"""
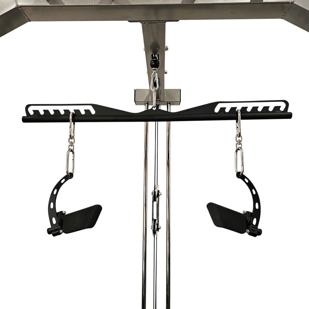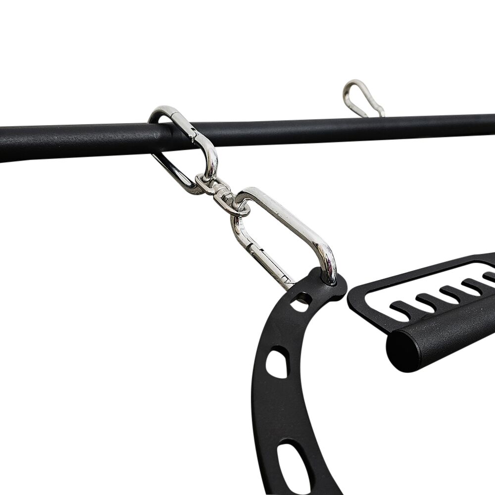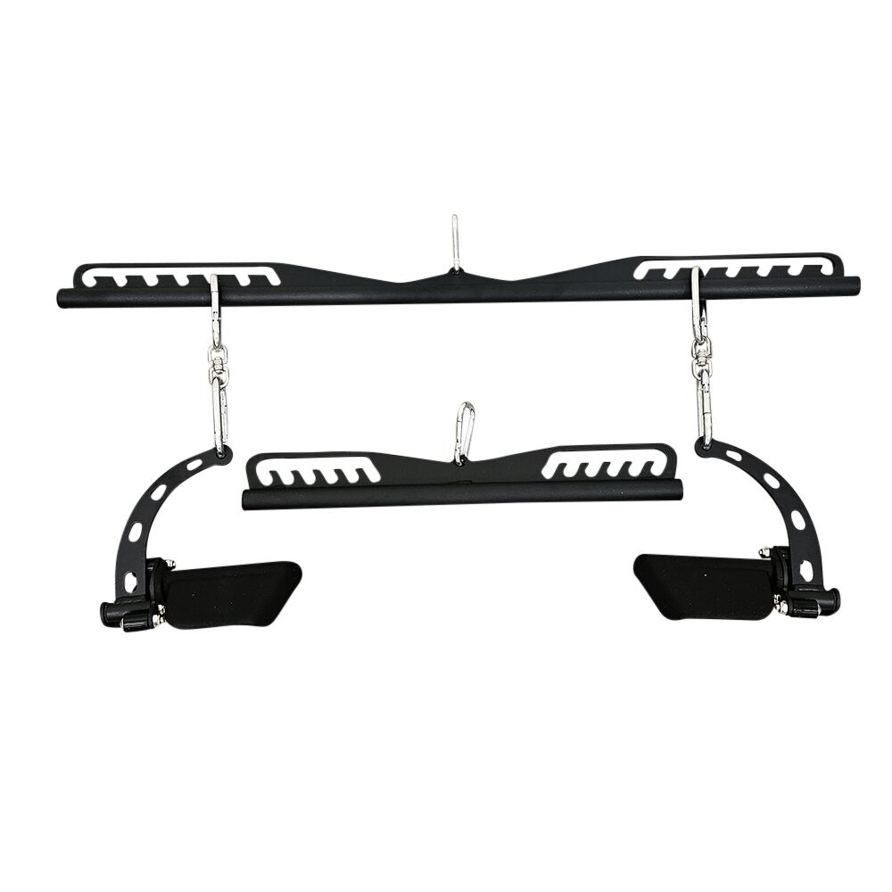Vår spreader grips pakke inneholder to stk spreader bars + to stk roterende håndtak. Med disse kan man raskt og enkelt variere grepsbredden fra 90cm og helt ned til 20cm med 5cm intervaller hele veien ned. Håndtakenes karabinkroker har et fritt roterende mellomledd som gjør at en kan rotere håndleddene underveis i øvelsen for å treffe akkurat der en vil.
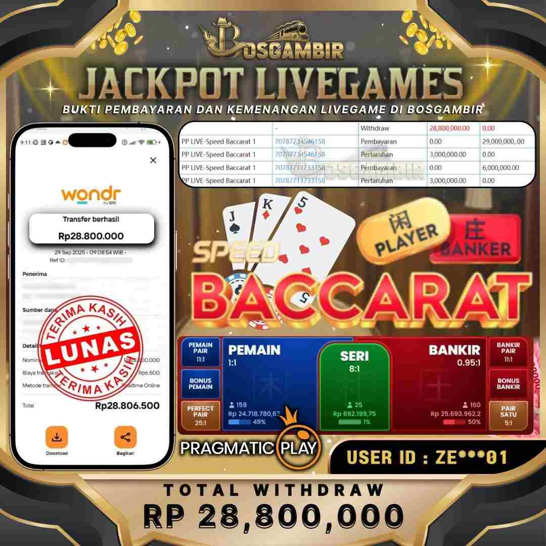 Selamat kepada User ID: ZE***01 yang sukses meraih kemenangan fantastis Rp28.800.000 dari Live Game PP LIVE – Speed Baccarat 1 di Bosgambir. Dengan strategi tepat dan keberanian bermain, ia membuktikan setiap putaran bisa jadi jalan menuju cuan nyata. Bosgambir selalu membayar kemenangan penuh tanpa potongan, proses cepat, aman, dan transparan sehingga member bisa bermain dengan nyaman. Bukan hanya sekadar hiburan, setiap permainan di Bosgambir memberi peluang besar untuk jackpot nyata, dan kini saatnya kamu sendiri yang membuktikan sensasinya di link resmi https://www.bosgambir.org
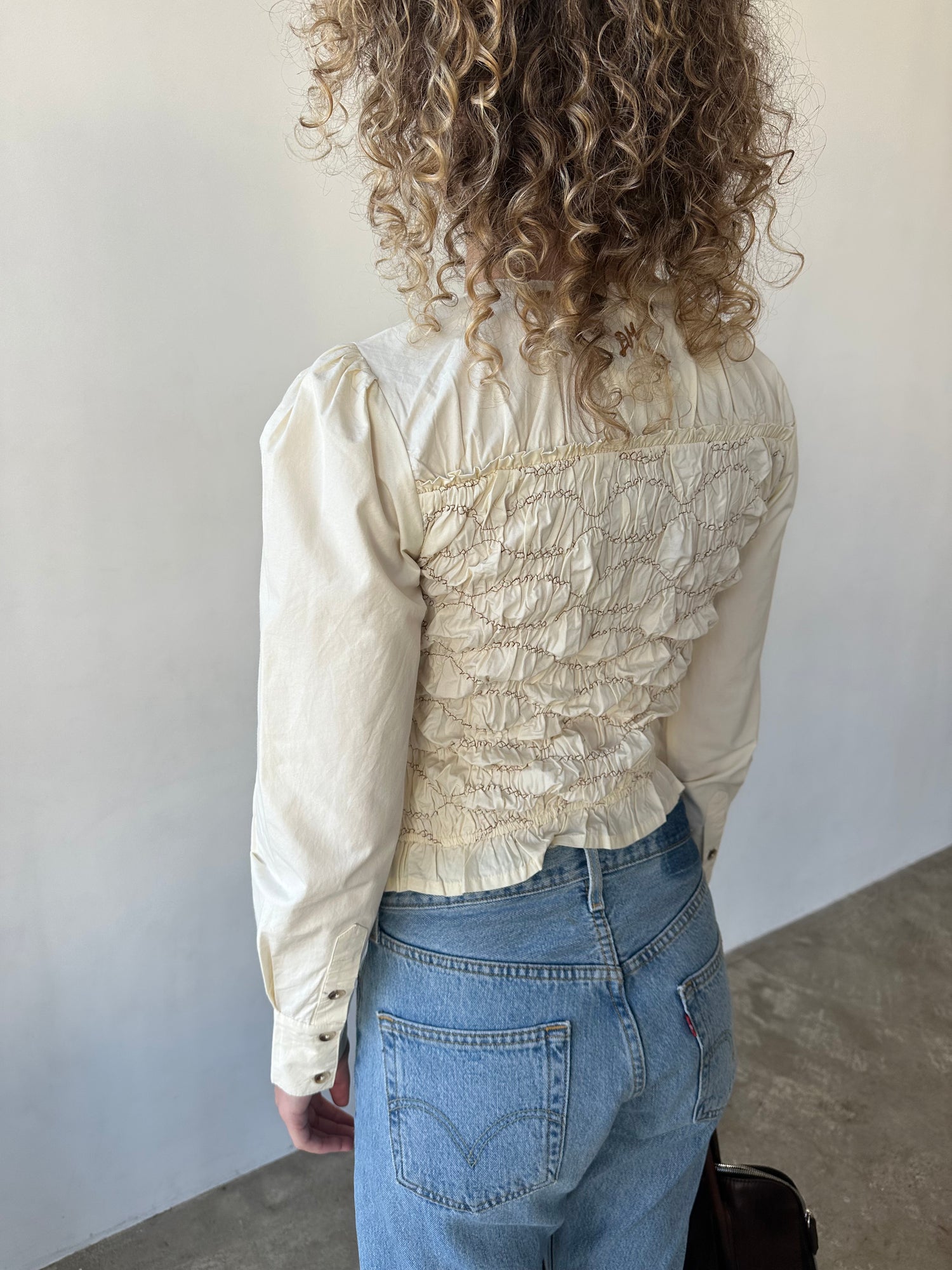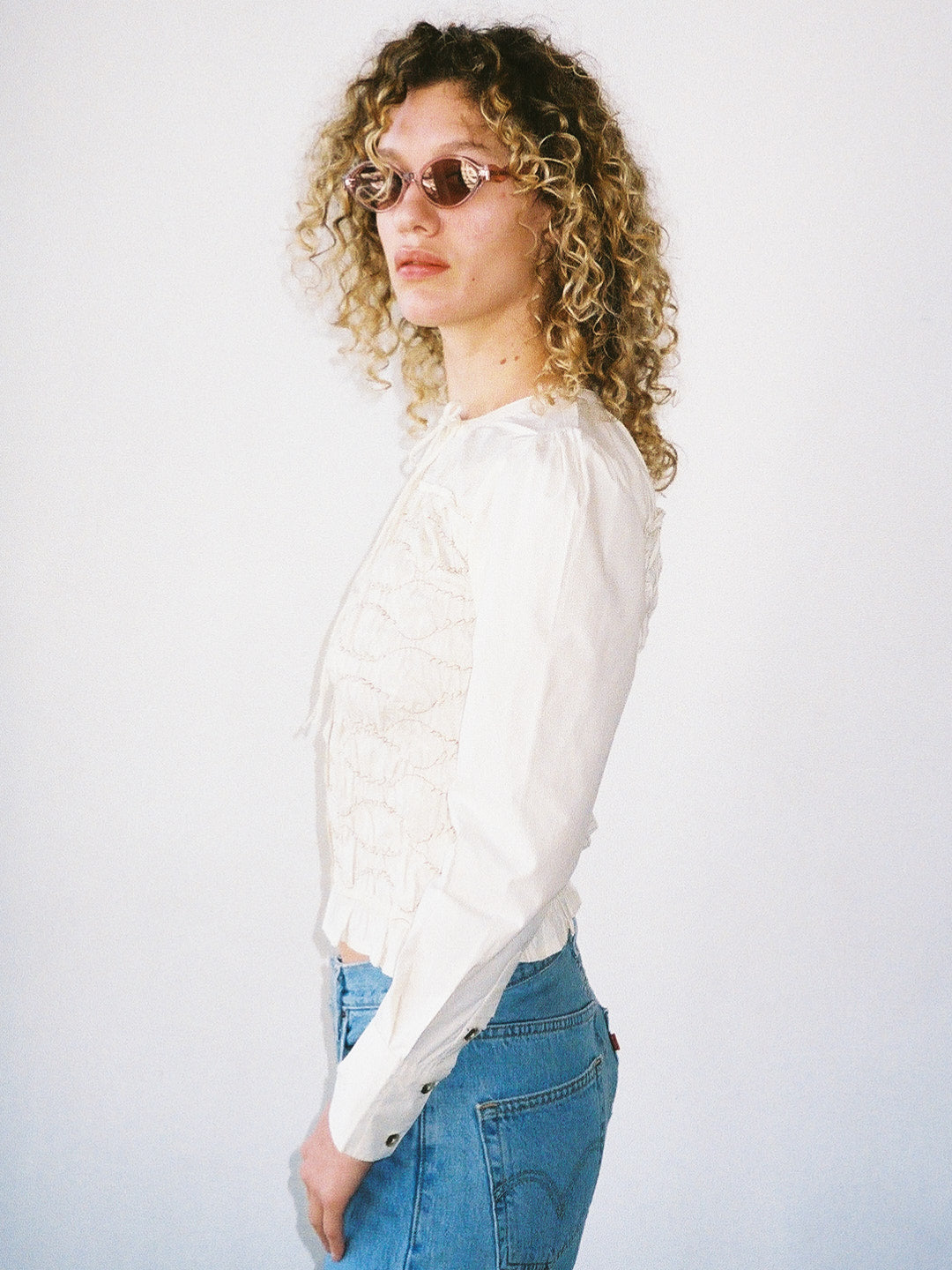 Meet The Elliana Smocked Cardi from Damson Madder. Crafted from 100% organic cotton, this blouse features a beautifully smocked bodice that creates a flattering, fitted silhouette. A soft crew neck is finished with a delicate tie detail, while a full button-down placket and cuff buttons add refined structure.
"""
"""
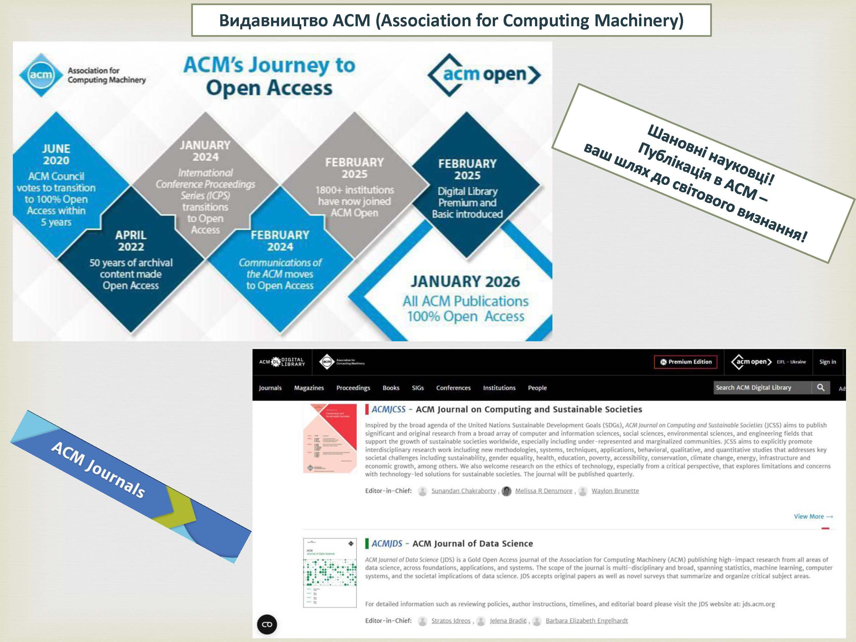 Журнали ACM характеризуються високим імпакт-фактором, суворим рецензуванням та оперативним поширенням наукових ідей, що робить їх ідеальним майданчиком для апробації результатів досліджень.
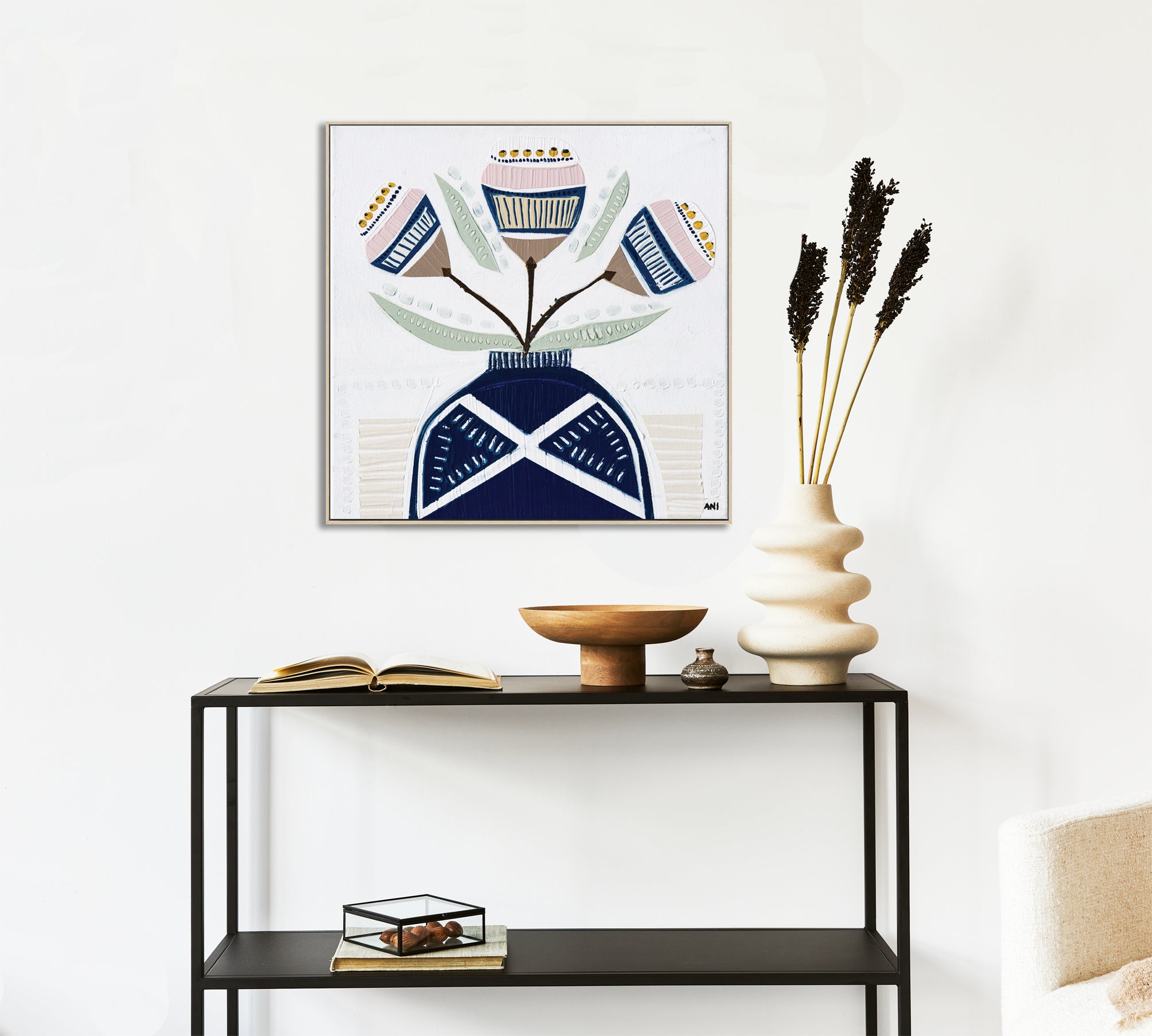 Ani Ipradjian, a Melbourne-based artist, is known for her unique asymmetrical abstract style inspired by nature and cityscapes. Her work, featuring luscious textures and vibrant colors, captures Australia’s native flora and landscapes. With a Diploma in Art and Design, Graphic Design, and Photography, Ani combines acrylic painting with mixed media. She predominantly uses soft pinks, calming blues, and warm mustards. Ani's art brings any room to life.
"""
"""
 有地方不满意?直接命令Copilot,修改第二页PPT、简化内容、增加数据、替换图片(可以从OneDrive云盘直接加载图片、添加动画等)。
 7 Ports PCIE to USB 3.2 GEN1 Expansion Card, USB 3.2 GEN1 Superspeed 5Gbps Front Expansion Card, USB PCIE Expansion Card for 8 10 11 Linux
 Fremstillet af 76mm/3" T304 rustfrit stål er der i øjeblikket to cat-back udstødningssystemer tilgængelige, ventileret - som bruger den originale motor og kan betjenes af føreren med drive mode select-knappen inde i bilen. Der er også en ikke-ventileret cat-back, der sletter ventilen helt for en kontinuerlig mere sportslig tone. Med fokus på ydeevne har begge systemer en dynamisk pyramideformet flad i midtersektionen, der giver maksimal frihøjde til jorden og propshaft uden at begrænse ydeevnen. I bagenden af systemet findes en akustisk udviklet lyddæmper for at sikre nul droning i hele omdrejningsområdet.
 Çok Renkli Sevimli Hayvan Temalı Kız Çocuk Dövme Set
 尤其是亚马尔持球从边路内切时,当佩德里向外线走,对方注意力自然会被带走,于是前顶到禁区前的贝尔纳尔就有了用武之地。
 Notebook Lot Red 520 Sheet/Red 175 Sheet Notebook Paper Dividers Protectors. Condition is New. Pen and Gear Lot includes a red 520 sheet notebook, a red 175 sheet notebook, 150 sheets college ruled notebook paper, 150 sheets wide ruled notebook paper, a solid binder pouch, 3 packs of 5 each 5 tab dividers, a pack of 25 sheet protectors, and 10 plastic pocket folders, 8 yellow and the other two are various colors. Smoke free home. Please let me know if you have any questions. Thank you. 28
"""
**Task instructions:** Out of the material above, output word for word the line with "i hele omdrejningsområdet.", the line with "Notebook Lot Red", and all lines between them, with nothing else.

**Task result:**
 Fremstillet af 76mm/3" T304 rustfrit stål er der i øjeblikket to cat-back udstødningssystemer tilgængelige, ventileret - som bruger den originale motor og kan betjenes af føreren med drive mode select-knappen inde i bilen. Der er også en ikke-ventileret cat-back, der sletter ventilen helt for en kontinuerlig mere sportslig tone. Med fokus på ydeevne har begge systemer en dynamisk pyramideformet flad i midtersektionen, der giver maksimal frihøjde til jorden og propshaft uden at begrænse ydeevnen. I bagenden af systemet findes en akustisk udviklet lyddæmper for at sikre nul droning i hele omdrejningsområdet.
 Çok Renkli Sevimli Hayvan Temalı Kız Çocuk Dövme Set
 尤其是亚马尔持球从边路内切时,当佩德里向外线走,对方注意力自然会被带走,于是前顶到禁区前的贝尔纳尔就有了用武之地。
 Notebook Lot Red 520 Sheet/Red 175 Sheet Notebook Paper Dividers Protectors. Condition is New. Pen and Gear Lot includes a red 520 sheet notebook, a red 175 sheet notebook, 150 sheets college ruled notebook paper, 150 sheets wide ruled notebook paper, a solid binder pouch, 3 packs of 5 each 5 tab dividers, a pack of 25 sheet protectors, and 10 plastic pocket folders, 8 yellow and the other two are various colors. Smoke free home. Please let me know if you have any questions. Thank you. 28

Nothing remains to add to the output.